Previously, the FDA has granted Xpovio the orphan drug qualification and fast-track qualification for the treatment of this indication.
Marketing authorization application (MAA) by the Company
The company also plans to submit a marketing authorization application (MAA) to the European Medicines Agency (EMA) in 2020, requesting conditional approval of Xpovio for the same indications.
Currently, Karyopharm is evaluating the potential of selinexor in the treatment of a range of hematological malignancies and solid tumors in multiple mid-to-late clinical studies, including multiple myeloma, diffuse large B-cell lymphoma, liposarcoma (SEAL study), endometrium Cancer, recurrent glioblastoma.

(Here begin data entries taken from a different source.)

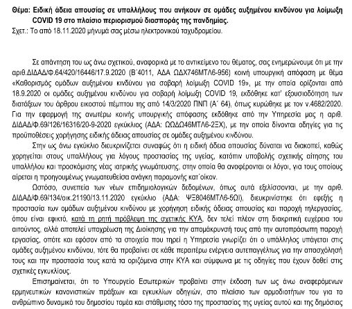Έγγραφο: Είναι υποχρεωτική η ειδική άδεια απουσίας σε εργαζομένους «αυξημένου κινδύνου»;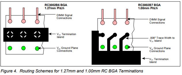 終端電阻應盡可能靠近雙列直插式內存模塊(DIMM)插槽,以最大限度地減少信號路由長度。如果使用電阻陣列或僅帶終端電阻的BGA網(wǎng)絡,雙通電容應放置在VTT終端島和VSS平面之間,每兩個終端電阻至少有一個0.01μF電容,間隔均勻。采用任何一種端接方法,PCB應在端接島的每端包含一個10μF鉭電容,用于批量去耦。圖3顯示了采用帶終端電阻和雙極電容的BGA封裝的完整終端解決方案示例。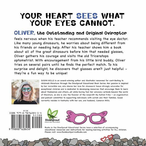 Oliver, the Outstanding and Original Oviraptor feels nervous when his teacher recommends visiting the eye doctor. Like many young dinosaurs, he worries about being different from his friends or needing help. After his teacher shows him a book about all of the great dinosaurs before him that needed glasses, Oliver gathers his courage and visits the old Triceratops optometrist. With encouragement from. his little bird buddy, Oliver tries on several pairs until he finds the perfect match. To his surprise and delight, he discovers that glasses aren't just helpful - they're a fun way to be unique!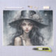 Explorez le monde enchanteur de la découpage avec ce projet artisanal avec une sorcière femme décorée d'un casquette noir et de longs cheveux noirs, rendus dans des aquarelles délicates. Idéal pour Halloween ou pour améliorer le raffinement des meubles, cette pièce capture le charme mystique de l'esthétique gothique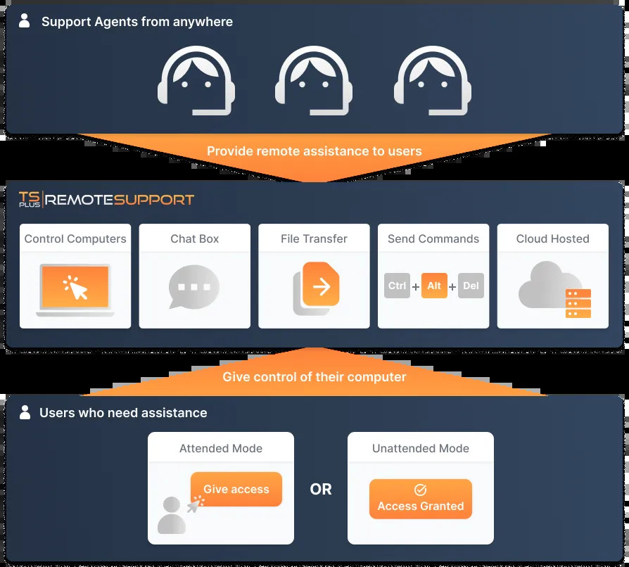 RDS Remote Support je aplikace pro připojení ke vzdáleným počítačům a pro jejich kompletní vzdálenou správu.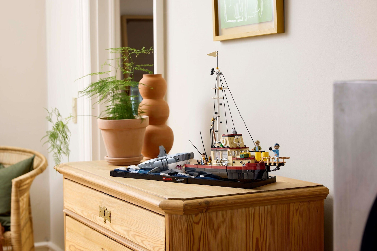 Δημιουργήστε το απόλυτο σετ οθόνης εμπνευσμένο από θαυμαστές που αναδημιουργεί τη συναρπαστική σκηνή της ταινίας Jaws όπου ο Quint, ο Chief Brody και ο Hooper αντιμετώπισαν τον καρχαρία από το κατάστρωμα της Orca.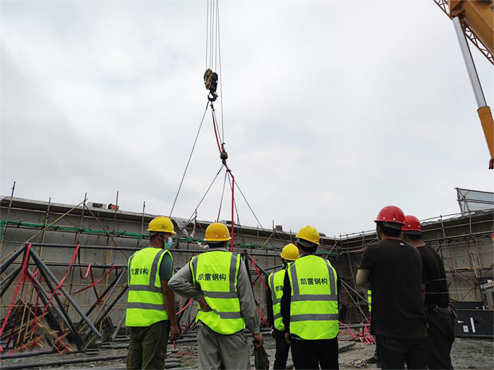 6.为确保.涟源加油站球形网架安装顺利,应有详细的涟源施工组织设计。网架安装必须保证结构的稳定性和不产生的附加变形。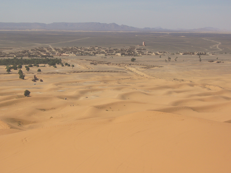 Hassilabied y Merzouga son dos pequeñas poblaciones cobijadas tras las dunas de Erg Chebbi, al sureste de Marruecos. Al igual que sucede en otros asentamientos del Sahara, la subsistencia depende del aprovechamiento de las reservas de agua ubicadas bajo la superficie. Sin embargo el sistema sólo es sostenible en la medida que la extracción de agua no exceda a la recarga natural que tiene el propio acuífero.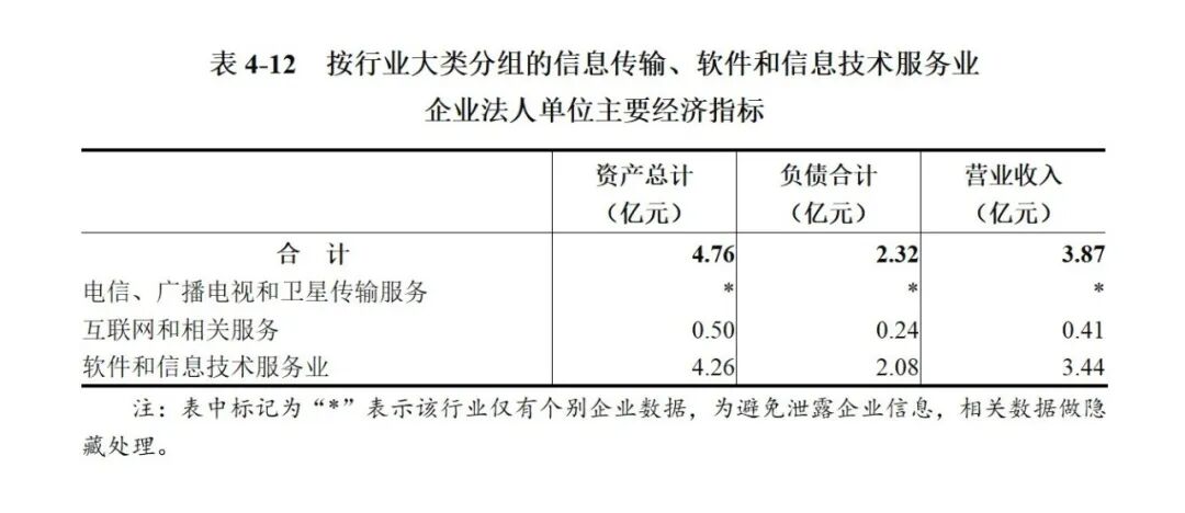 2023年末,信息传输、软件和信息技术服务业企业法人单位资产总计4.76亿元,比2018年末增长55.1%;负债合计2.32亿元,比2018年末增长215.2%。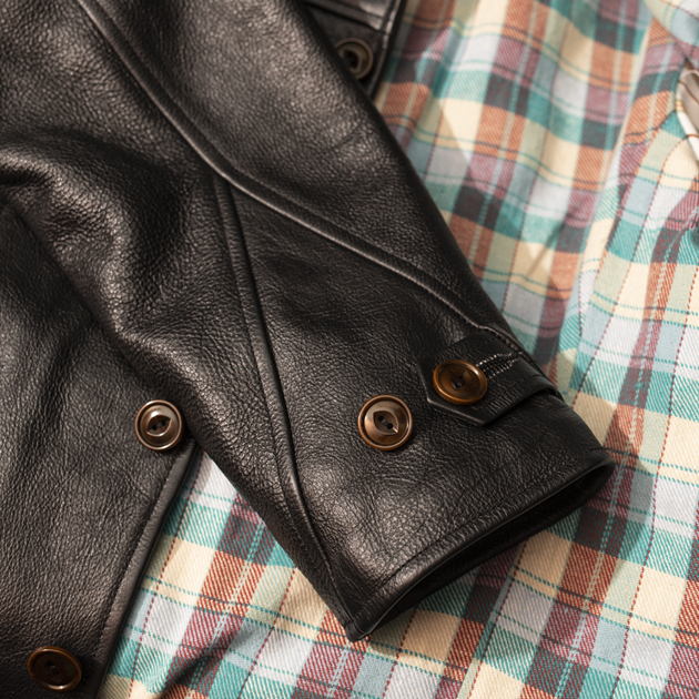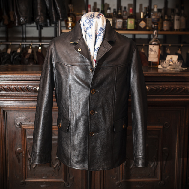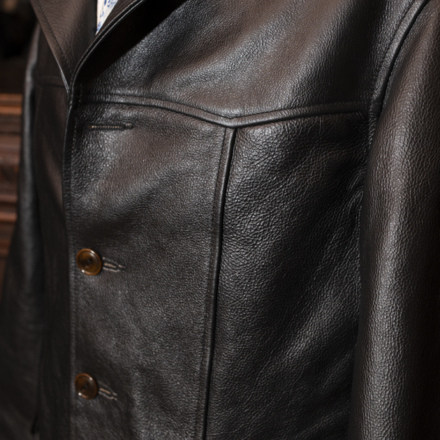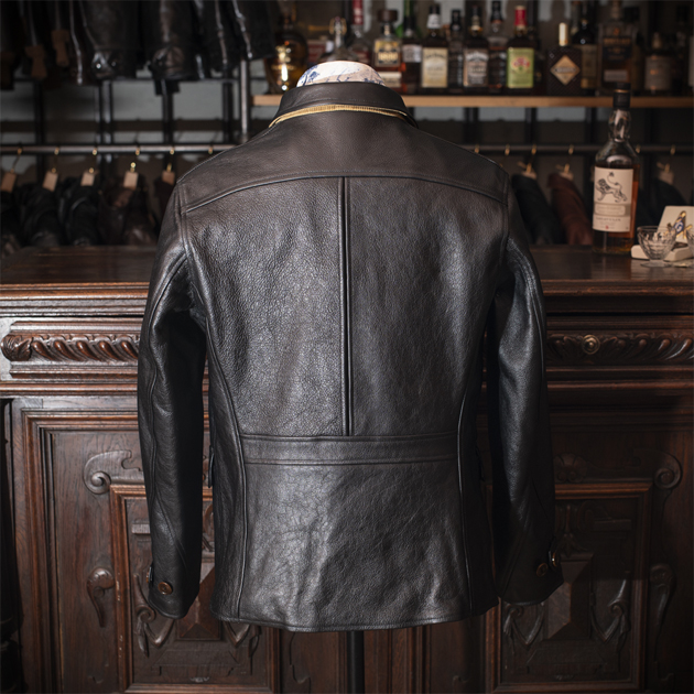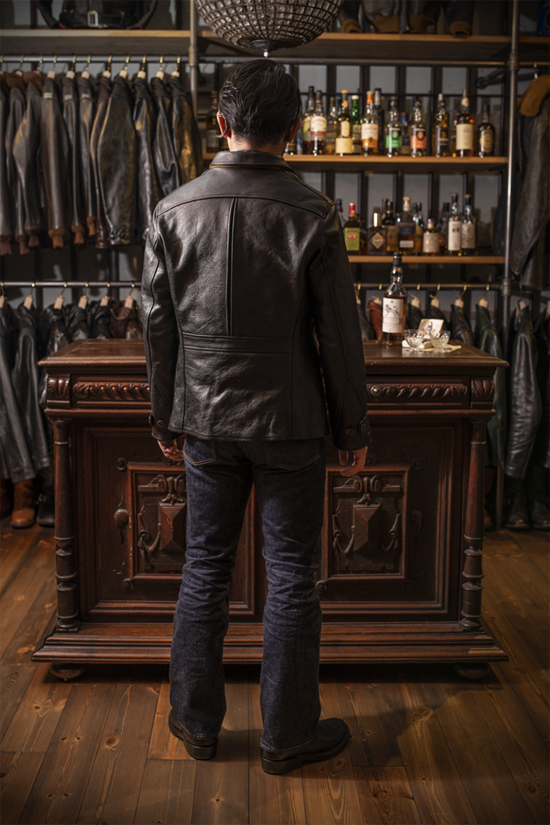 このジャケットは極めて粗野な雰囲気を演出する為にフルグレインレザーを用いて作り出されております。

It is worth mentioning that in August 2018, Deqi Pharmaceutical and Karyopharm Therapeutics reached a strategic cooperation to jointly develop 4 innovative oral drugs, including 3 SINE XPO1 antagonists Xpovio (selinexor), eltanexor, verdinexor and one PAK4 and NAMPT Dual-target inhibitor KPT-9274.
Selective Nuclear Export Inhibitor (SINE) approval
In January 2019, ATG-010 (Xpovio) was approved in China for clinical treatment of refractory and relapsed multiple myeloma. Selective nuclear export inhibitor (SINE).